In this paper we study a family of nonlinear \(\sigma \)-models in which the target space is the super manifold \(\mathbb {H}^{2|2N}\). These models generalize Zirnbauer’s \(\mathbb {H}^{2|2}\) nonlinear \(\sigma \)-model (Zirnbauer in Commun Math Phys 141(3):503–522, 1991). The latter model has a number of special features which aid in its analysis: through a remarkable technique from symplectic geometry colloquial known as supersymmetric localization, the partition function of the \(\mathbb {H}^{2|2}\) model is equal to one independent of the coupling constants. Our main technical observation is to generalize this fact to \(\mathbb {H}^{2|2N}\) models as follows: the partition function is a multivariate polynomial of degree \(n=N-1\), increasing in each variable. As an application, these facts provide estimates on the Fourier and Laplace transforms of the ’t-field’ when we specialize to \(\mathbb {Z}^2\). We show that this field has fluctuations which are at least those of a massless free field. In addition we show that small fractional moments of \(e^{t_v-t_0}\) decay at least polynomially fast in the distance of v to 0.

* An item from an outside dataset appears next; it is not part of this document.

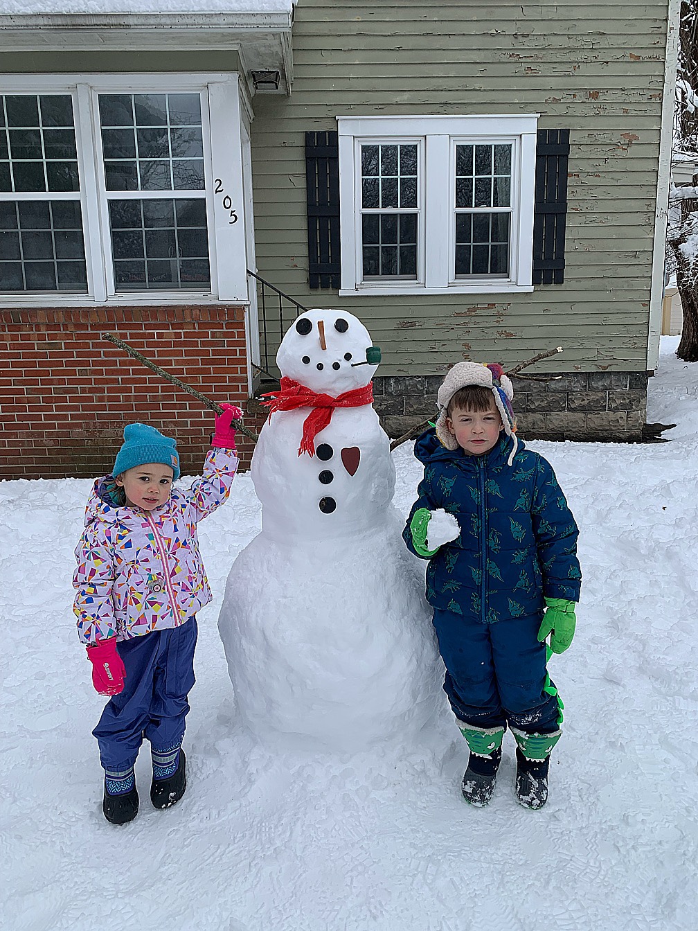 Our mid-December blizzard was a fun excuse to invite a friend over for a playdate in the snow! We built our tallest snowman yet, and the DIY snowman kit makes decorating him fun and easy. (Don’t mind the peeling paint…we’ve been waiting to do any exterior work for the house project that is going to start any *year* now…)
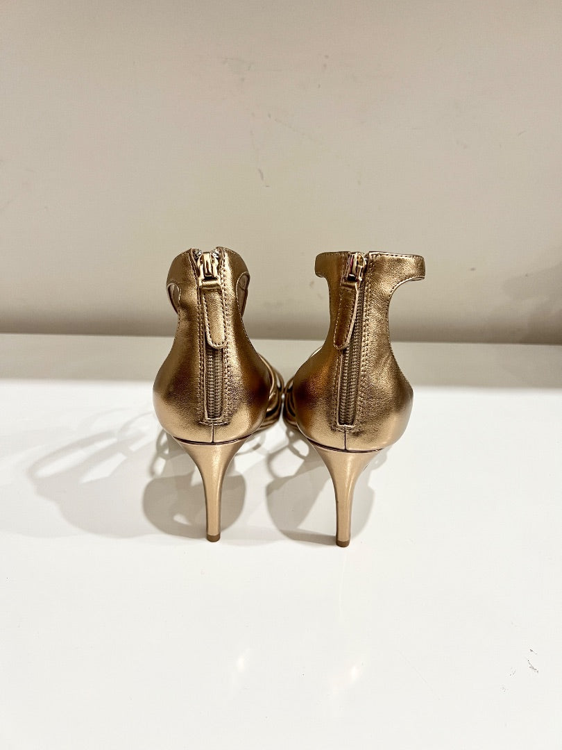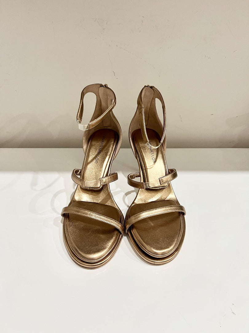 NWOT Tamara Mellon Metallic Mid Heel Strappy Sandals Gold Women's Size US 10

在本文中，我们研究了一系列非线性\(\sigma \) -模型，其中目标空间是超流形\(\mathbb {H}^{2|2N}\)。这些模型概括了 Zirnbauer 的\(\mathbb {H}^{2|2}\)非线性\(\sigma \) 模型（Zirnbauer in Commun Math Phys 141(3):503–522, 1991）。后一个模型具有许多有助于其分析的特殊特征：通过辛几何口语中称为超对称定位的一项非凡技术，\(\mathbb {H}^{2|2}\)模型的配分函数为等于 1，与耦合常数无关。我们的主要技术观察是将这个事实推广到\(\mathbb {H}^{2|2N}\)模型如下：配分函数是一个多元多项式\(n=N-1\)，在每个变量中增加。作为一个应用，当我们专门研究\(\mathbb {Z}^2\)时，这些事实提供了对“ t 场”的傅立叶和拉普拉斯变换的估计。我们表明该场的波动至少是无质量自由场的波动。此外，我们表明\(e^{t_v-t_0}\) 的小分数矩在v到 0的距离内至少以多项式快速衰减。